5. The method of claim 4, wherein prior to entering the cover art information of the target short video into the cover art model, the method further comprises:
acquiring an image identification dataset, sample cover picture information and a sample cover picture label vector;
and training an initial cover map model through the image recognition data set, the sample cover map information, the sample cover map label vector and a preset training algorithm to obtain a trained cover map model.
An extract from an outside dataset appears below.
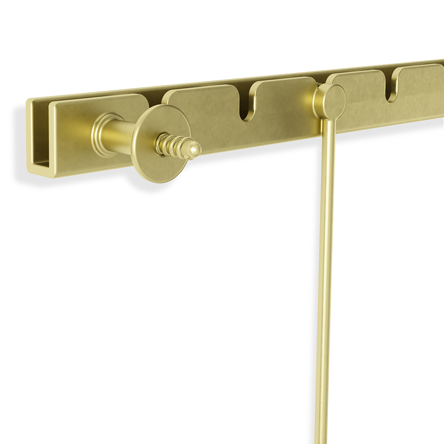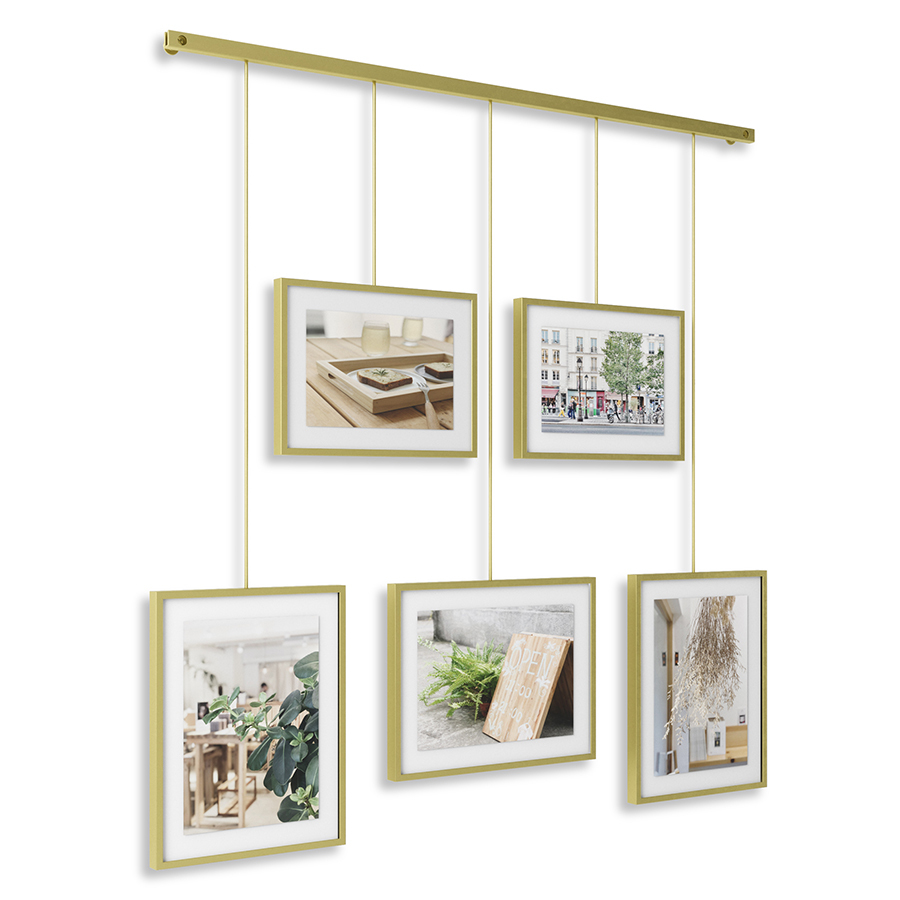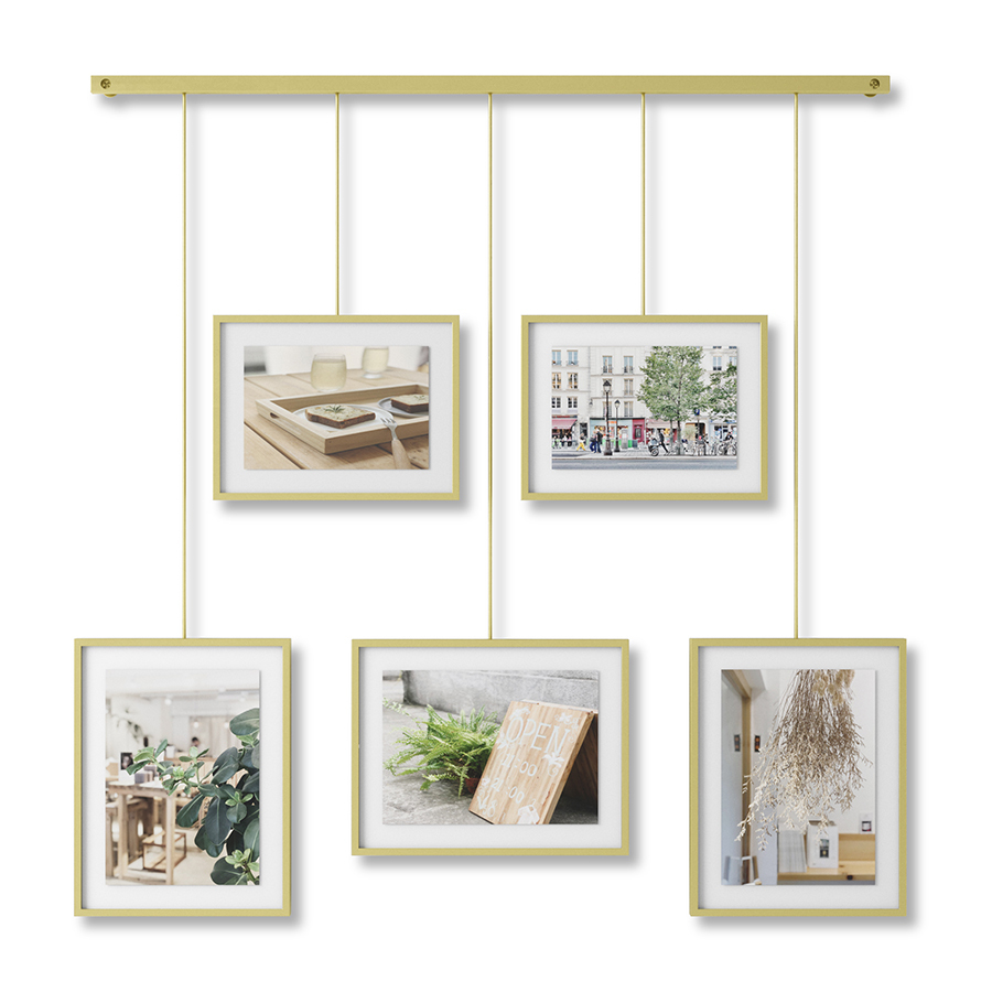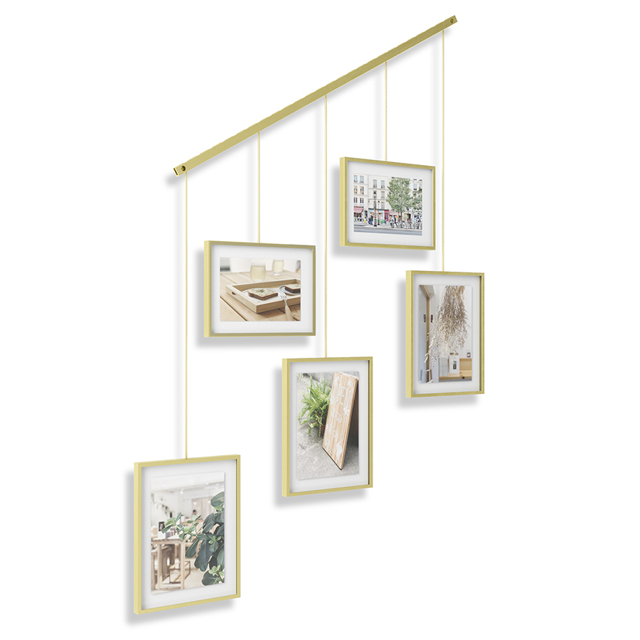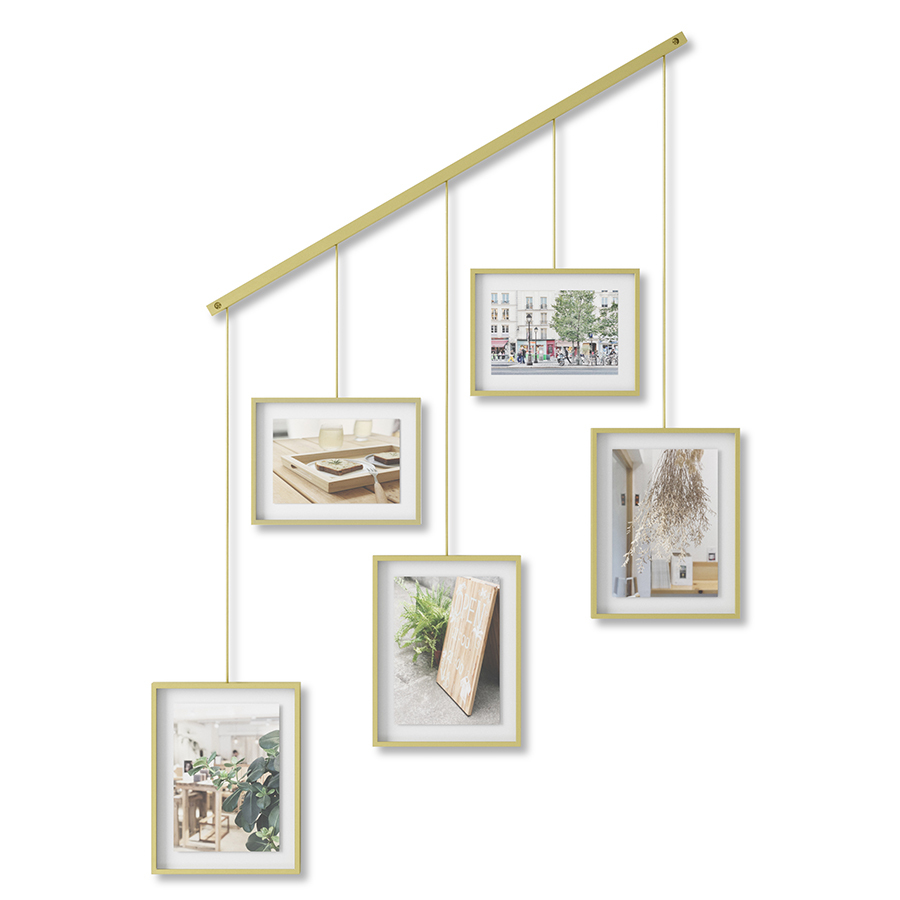 Дисплей состоит из 5 рамок, смонтированных по горизонтали под разным углом. Рамки выполнены из стали и покрыты черной порошковой краской. Каждый снимок или картинка прячется под стеклом. Все рамы зафиксированы на единой планке с помощью зажимов. Основание крепится к стене на шурупы и дюбели, которые входят в комплект.

6. A video determination apparatus, characterized in that the apparatus comprises:
the first acquisition module is used for acquiring target video information of a target short video;
the first determination module is used for determining candidate long videos related to the target short videos according to target video information of the target short videos;
the second acquisition module is used for acquiring a plurality of video frames of the target short video and determining a plurality of feature vectors corresponding to the plurality of video frames;
the second determining module is used for determining a target long video with a plurality of characteristic vectors corresponding to the target short video and the characteristic vectors meeting preset matching conditions from the candidate long video;
a third determining module, configured to determine, in the target long video, a target video frame whose feature vector matches a target feature vector of a preset frame of the target short video, and use a play time corresponding to the target video frame as an initial play time of the target long video;
and the playing module is used for playing the target long video from the initial playing time of the target long video when the playing triggering request of the target long video is obtained.
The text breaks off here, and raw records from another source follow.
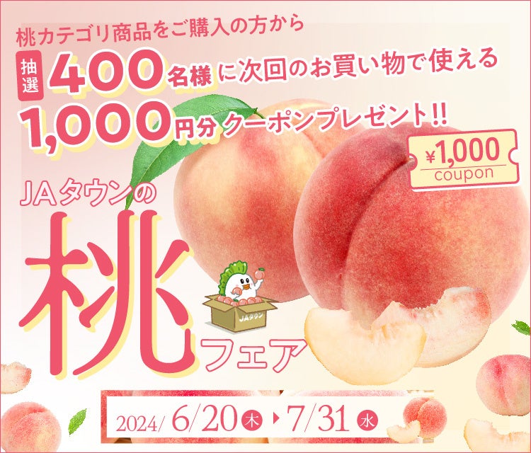 2.内 容:JAタウン会員登録済みで、期間中にJAタウン内で対象の桃商品を合計8,000円(送料込)以上購入いただいた方の中から抽選で35名様にJAタウンギフトカード5,000円分をプレゼント。
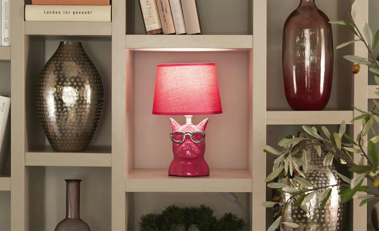 Trio Keramik-Tischleuchte, 1-flammig, Dog pink
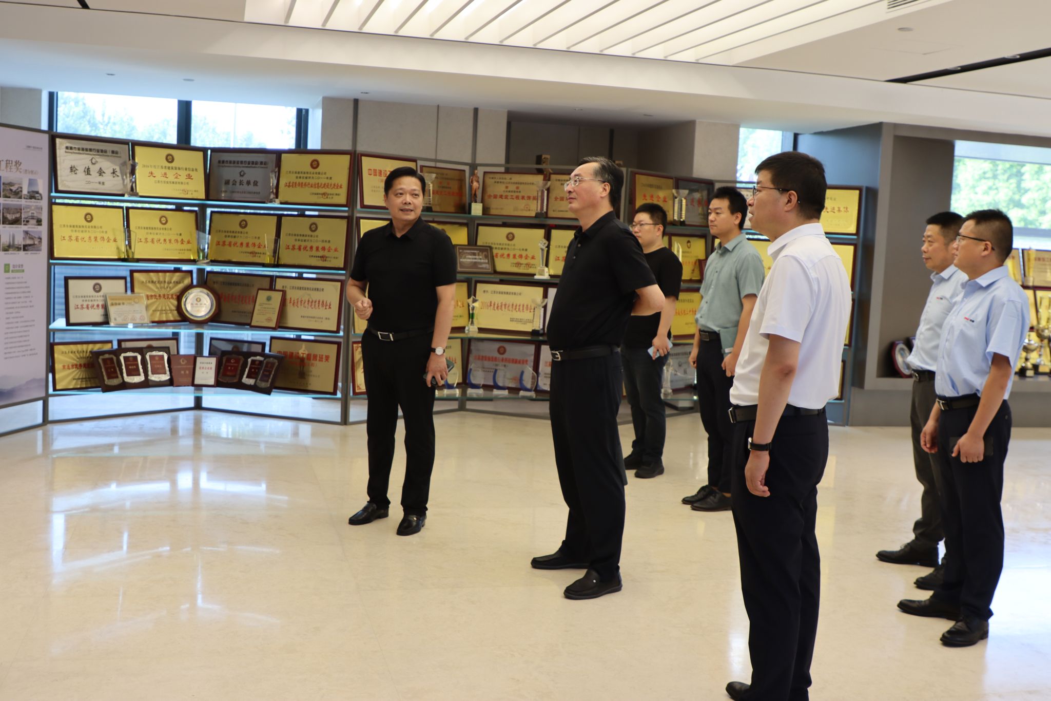 东保集团董事长刘奇、总经理范剑烁、副总经理周成国等热情接待了调研团队。刘奇带领大家参观了集团荣誉室,对企业的发展历史、文化精神、经营理念、标志性项目和相关业务进行了简要介绍。刘奇回顾了与我校的校企合作历史,希望双方在现有基础上,不断拓宽合作空间、提升合作层次。

7. The apparatus of claim 6, wherein the second determining module is specifically configured to:
determining a plurality of target feature vectors of which a plurality of feature vectors corresponding to the target short video meet a preset matching relationship in the preset database;
determining candidate long videos corresponding to the target feature vectors according to the corresponding relation between preset feature vectors and the candidate long videos, wherein the preset database comprises a plurality of candidate long videos and the feature vectors of the candidate long videos;
and taking the candidate long video containing the largest number of target feature vectors as the target long video.
8. The apparatus according to claim 6, wherein the preset database contains label vectors of all long videos;
the first determining module is specifically configured to:
acquiring a target label vector of the target short video according to target video information of the target short video;
inputting the target label vector and the label vectors of all the long videos into a semantic similarity model, and outputting a plurality of similarity values;
selecting a similarity value higher than a preset threshold value from the similarity values as a target similarity value, and taking a long video corresponding to the target similarity value as a candidate long video.
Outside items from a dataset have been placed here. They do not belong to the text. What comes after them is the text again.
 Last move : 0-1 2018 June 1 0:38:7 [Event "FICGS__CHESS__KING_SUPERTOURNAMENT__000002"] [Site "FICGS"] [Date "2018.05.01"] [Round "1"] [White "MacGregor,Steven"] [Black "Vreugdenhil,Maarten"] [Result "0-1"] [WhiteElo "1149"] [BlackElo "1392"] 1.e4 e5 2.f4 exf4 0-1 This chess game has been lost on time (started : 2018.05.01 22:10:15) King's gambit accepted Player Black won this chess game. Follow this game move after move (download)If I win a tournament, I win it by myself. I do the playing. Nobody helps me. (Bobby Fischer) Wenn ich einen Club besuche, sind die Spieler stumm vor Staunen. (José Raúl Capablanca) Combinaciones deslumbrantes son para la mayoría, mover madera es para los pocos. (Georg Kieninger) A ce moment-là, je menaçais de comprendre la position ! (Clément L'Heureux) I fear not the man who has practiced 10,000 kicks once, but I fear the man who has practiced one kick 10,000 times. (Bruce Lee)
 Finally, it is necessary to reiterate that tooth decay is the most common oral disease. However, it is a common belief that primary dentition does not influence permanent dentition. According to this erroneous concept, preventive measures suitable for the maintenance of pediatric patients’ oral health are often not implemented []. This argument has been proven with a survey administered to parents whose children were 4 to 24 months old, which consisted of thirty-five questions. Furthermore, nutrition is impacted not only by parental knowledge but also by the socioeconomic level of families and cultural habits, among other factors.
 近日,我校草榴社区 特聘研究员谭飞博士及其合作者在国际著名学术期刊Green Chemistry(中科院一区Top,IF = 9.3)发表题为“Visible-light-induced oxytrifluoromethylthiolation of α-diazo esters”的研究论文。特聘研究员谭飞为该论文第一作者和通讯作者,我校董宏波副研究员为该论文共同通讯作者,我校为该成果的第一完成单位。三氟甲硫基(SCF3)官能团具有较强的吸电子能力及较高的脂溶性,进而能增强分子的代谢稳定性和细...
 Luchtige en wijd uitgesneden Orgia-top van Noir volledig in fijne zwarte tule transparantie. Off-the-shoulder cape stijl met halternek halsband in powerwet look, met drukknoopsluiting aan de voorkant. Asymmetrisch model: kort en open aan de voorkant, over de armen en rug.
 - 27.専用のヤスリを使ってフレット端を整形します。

9. The apparatus of claim 8, wherein the target video information comprises text information and cover art information;
the first determining module is specifically configured to:
performing word vectorization processing on text information of a target short video to obtain a text label vector corresponding to the text information;
inputting cover picture information of the target short video into a cover picture model, and outputting a cover picture label vector;
and inputting the cover map label vector and the text label vector into a label identification model, and outputting a target label vector of the target short video.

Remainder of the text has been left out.